• **What to do**
Your reply should reproduce the data below without a single alteration, apart from dropping the images.

• **Given material**
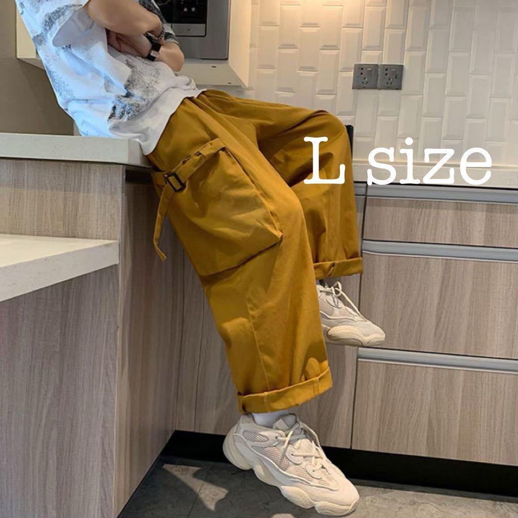 - ボトムス ワイドパンツ カーゴパンツ ワークパンツ ルーズパンツ ユニセックス 男女兼用 イエロー 黄色 L
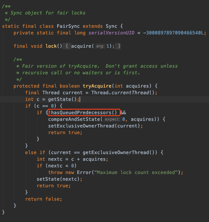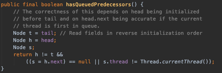 你可以看到,他加了一个hasQueuedPredecessors的判断,那他判断里面有些什么玩意呢?
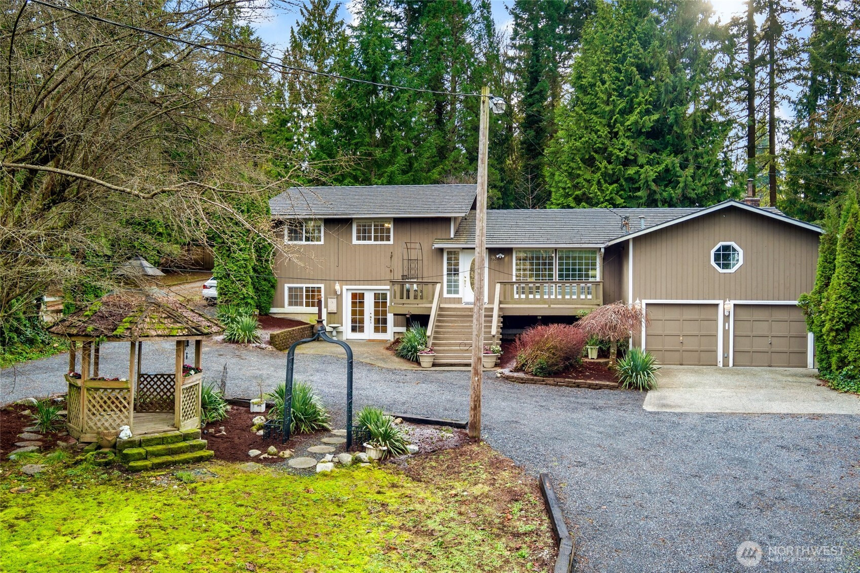 (650)533-3259Welcome to your private retreat in the desirable Maltby area of South Snohomish. Set on a peaceful 1.20+ acre lot, this home offers the ideal blend of space, privacy, and convenience—perfect for those seeking a larger lot without sacrificing proximity to town. Inside, enjoy a traditional and functional floor plan with a seamless flow throughout. The spacious living room is ideal for entertaining or relaxing evenings at home. The nicely updated kitchen features newer cabinetry, quartz countertops, and an industrial-style gas range, opening to the family room for easy everyday living. French doors lead to an expansive entertainment deck, creating a perfect indoor-outdoor connection for gatherings, summer barbecues, or quiet enjoyment of the surrounding natural setting. The upper level offers three generously sized bedrooms and two full bathrooms, including a primary suite with a private ensuite bath. The lower-level rec room provides excellent flexibility for game nights, movie nights, a home office, or guest suite, complete with a full five-piece bathroom for added comfort and privacy. The large garage includes an overhead storage platform for easy access to seasonal or recreational gear, plus an additional storage room behind the garage—ideal for tools, hobbies, or extra workspace. Located just minutes from Historic Downtown Snohomish, a short drive to Woodinville, and with quick access to Hwy 9 and I-405, this home offers peaceful living with everyday convenience.

• **Completed exercise**
 - ボトムス ワイドパンツ カーゴパンツ ワークパンツ ルーズパンツ ユニセックス 男女兼用 イエロー 黄色 L
 你可以看到,他加了一个hasQueuedPredecessors的判断,那他判断里面有些什么玩意呢?
 (650)533-3259Welcome to your private retreat in the desirable Maltby area of South Snohomish. Set on a peaceful 1.20+ acre lot, this home offers the ideal blend of space, privacy, and convenience—perfect for those seeking a larger lot without sacrificing proximity to town. Inside, enjoy a traditional and functional floor plan with a seamless flow throughout. The spacious living room is ideal for entertaining or relaxing evenings at home. The nicely updated kitchen features newer cabinetry, quartz countertops, and an industrial-style gas range, opening to the family room for easy everyday living. French doors lead to an expansive entertainment deck, creating a perfect indoor-outdoor connection for gatherings, summer barbecues, or quiet enjoyment of the surrounding natural setting. The upper level offers three generously sized bedrooms and two full bathrooms, including a primary suite with a private ensuite bath. The lower-level rec room provides excellent flexibility for game nights, movie nights, a home office, or guest suite, complete with a full five-piece bathroom for added comfort and privacy. The large garage includes an overhead storage platform for easy access to seasonal or recreational gear, plus an additional storage room behind the garage—ideal for tools, hobbies, or extra workspace. Located just minutes from Historic Downtown Snohomish, a short drive to Woodinville, and with quick access to Hwy 9 and I-405, this home offers peaceful living with everyday convenience.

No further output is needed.